Oceanic View Plaza Limited v Ideal Locations Limited & 3 others [2025] KEELC 1152 (KLR)
Full Case Text
Oceanic View Plaza Limited v Ideal Locations Limited & 3 others (Environment & Land Case 83 of 2010) [2025] KEELC 1152 (KLR) (6 March 2025) (Ruling)
Neutral citation: [2025] KEELC 1152 (KLR)
Republic of Kenya
In the Environment and Land Court at Mombasa
Environment & Land Case 83 of 2010
YM Angima, J
March 6, 2025
Between
Oceanic View Plaza Limited
Plaintiff
and
Ideal Locations Limited
1st Defendant
Nakumatt Holdings Limited
2nd Defendant
Commissioner of Lands
3rd Defendant
County Government of Mombasa
4th Defendant
Ruling
A. Introduction 1. The material on record shows that vide a further amended plaint amended on 16. 02. 2016 the plaintiff sought various reliefs against the defendants on account of alleged violation of its proprietary rights over certain parcels of land of which the plaintiff was the registered proprietor. The parcels were described as subdivision 9892 Section I Mainland North and sub-division No. 9933 Section I Mainland North (the suit properties).

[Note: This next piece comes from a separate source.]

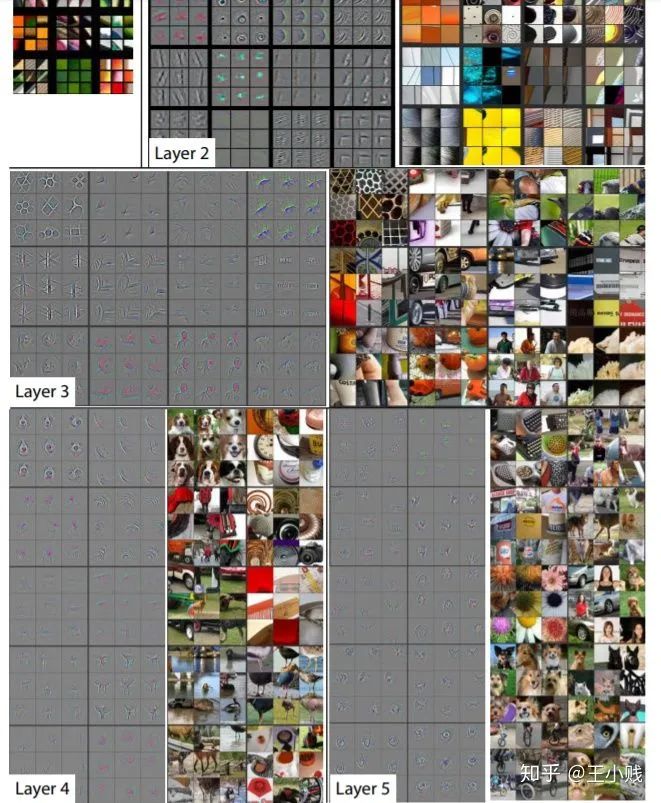 从实验结果可以看出来,第二层对应着一些边角或色彩特征,第三层对应着纹理特征,第四层对应着一些如狗脸、车轮这样的局部部位,第五层则对整体的物体有较强的识别能力。

2. It was pleaded that the 3rd defendant had alienated parts of the suit properties to the 4th defendant which were taken over and utilized as a parking lot as a consequence whereof it had suffered loss and damage for which all the defendants were liable. The plaintiff sought, inter alia, declaratory orders, damages, orders for rectification of the register, a permanent injunction and costs against the defendants.
B. 1st defendant’s application 3. Vide a notice of motion dated 06. 09. 2024, filed pursuant to Article 50(1) and 159 of the Constitution of Kenya, 2010, Section 3 and 19 of the Environment and Land Court Act, 2011, Section 1A, 1B, and 3A of the Civil Procedure Act (Cap 21), Order 2 Rules 15, (1)(a) and (d) and Order 51 Rule (1) and Section 3A of the Civil Procedure Act and all other enabling provisions of the law, the 1st defendant sought the striking out of the plaintiff’s suit on the basis that it did not disclose a reasonable cause of action and for having been overtaken by events.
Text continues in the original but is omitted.